What is CVE-2023-53790?

CVE-2023-53790 is a unscored severity Linux kernel vulnerability, affecting Linux kernel versions from 6.1 onward and patched in 6.1.16, 6.2.3 and 6.3. CVE-2023-53790 has not been confirmed as actively exploited and is not listed in the CISA KEV catalog.

What is the CVSS score for CVE-2023-53790?

CVE-2023-53790 has a CVSS score of pending NVD analysis out of 10, rated awaiting scoring severity.

Is there a patch available for CVE-2023-53790?

Yes, CVE-2023-53790 has been patched.
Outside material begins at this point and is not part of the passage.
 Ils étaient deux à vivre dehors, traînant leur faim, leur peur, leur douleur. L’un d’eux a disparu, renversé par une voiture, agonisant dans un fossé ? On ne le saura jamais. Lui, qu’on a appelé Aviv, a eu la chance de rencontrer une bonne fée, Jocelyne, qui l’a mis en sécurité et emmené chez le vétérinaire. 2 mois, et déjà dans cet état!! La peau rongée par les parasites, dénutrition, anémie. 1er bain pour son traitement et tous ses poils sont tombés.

Fixed versions include 6.1.16, 6.2.3 and 6.3. If you are running Linux kernel 6.1 or later up to the fix versions, apply the relevant patch for your kernel branch.
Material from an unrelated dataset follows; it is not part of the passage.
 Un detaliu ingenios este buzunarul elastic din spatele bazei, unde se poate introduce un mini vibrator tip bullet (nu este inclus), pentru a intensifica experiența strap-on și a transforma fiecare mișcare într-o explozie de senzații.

Is CVE-2023-53790 actively exploited?

CVE-2023-53790 has not been confirmed as actively exploited and is not listed in the CISA KEV catalog.

CVE-2023-53790

In the Linux kernel, the following vulnerability has been resolved: bpf: Zeroing allocated object from slab in bpf memory allocator Currently the freed element in bpf memory allocator may be immediately reused, for htab map the reuse will reinitialize special fields in map value (e.g., bpf_spin_lock), but lookup procedure may still access these special fields, and it may lead to hard-lockup as shown below: NMI backtrace for cpu 16 CPU: 16 PID: 2574 Comm: htab.bin Tainted: G L 6.1.0+ #1 Hardware name: QEMU Standard PC (i440FX + PIIX, 1996), RIP: 0010:queued_spin_lock_slowpath+0x283/0x2c0 ...... Call Trace: <TASK> copy_map_value_locked+0xb7/0x170 bpf_map_copy_value+0x113/0x3c0 __sys_bpf+0x1c67/0x2780 __x64_sys_bpf+0x1c/0x20 do_syscall_64+0x30/0x60 entry_SYSCALL_64_after_hwframe+0x46/0xb0 ...... </TASK> For htab map, just like the preallocated case, these is no need to initialize these special fields in map value again once these fields have been initialized. For preallocated htab map, these fields are initialized through __GFP_ZERO in bpf_map_area_alloc(), so do the similar thing for non-preallocated htab in bpf memory allocator. And there is no need to use __GFP_ZERO for per-cpu bpf memory allocator, because __alloc_percpu_gfp() does it implicitly.

Package Linux Kernel

Published 2025-12-09

Last modified 2026-04-15

Patch available

Yes

Affected versions

Linux kernel versions 6.1 and later are affected. Fixed in 6.1.16, 6.2.3, 6.3 and their respective stable series.

Affected from

≥ 6.1

Fixed in

✓ 6.1.16 6.1.x ✓ 6.2.3 6.2.x ✓ 6.3

References

The following references provide additional information about CVE-2023-53790 including vendor advisories, patch commits, exploit details, and third-party analysis. Links are sourced from the NIST NVD database.

Kernel patch commit
https://git.kernel.org/stable/c/5d447e04290e78bdc1a3a6c321320d384e09c2f1
Patch
Kernel patch commit
https://git.kernel.org/stable/c/678ea18d6240299fd77d7000c8b1d7e5f274c8af
Patch
Kernel patch commit
https://git.kernel.org/stable/c/997849c4b969034e225153f41026657def66d286
Patch

Frequently asked questions

What is CVE-2023-53790?

CVE-2023-53790 is a unscored severity Linux kernel vulnerability . It affects Linux kernel versions from 6.1 onward and has been patched in 6.1.16, 6.2.3 and 6.3. CVE-2023-53790 has not been confirmed as actively exploited and is not listed in the CISA KEV catalog.
Is there a patch available for CVE-2023-53790?

Yes — CVE-2023-53790 has been patched. Fixed versions include 6.1.16, 6.2.3 and 6.3. If you are running Linux kernel 6.1 or later up to the fix versions, apply the relevant patch for your kernel branch.
Is CVE-2023-53790 actively exploited?

No — CVE-2023-53790 has not been confirmed as actively exploited. It is not listed in the CISA Known Exploited Vulnerabilities (KEV) catalog.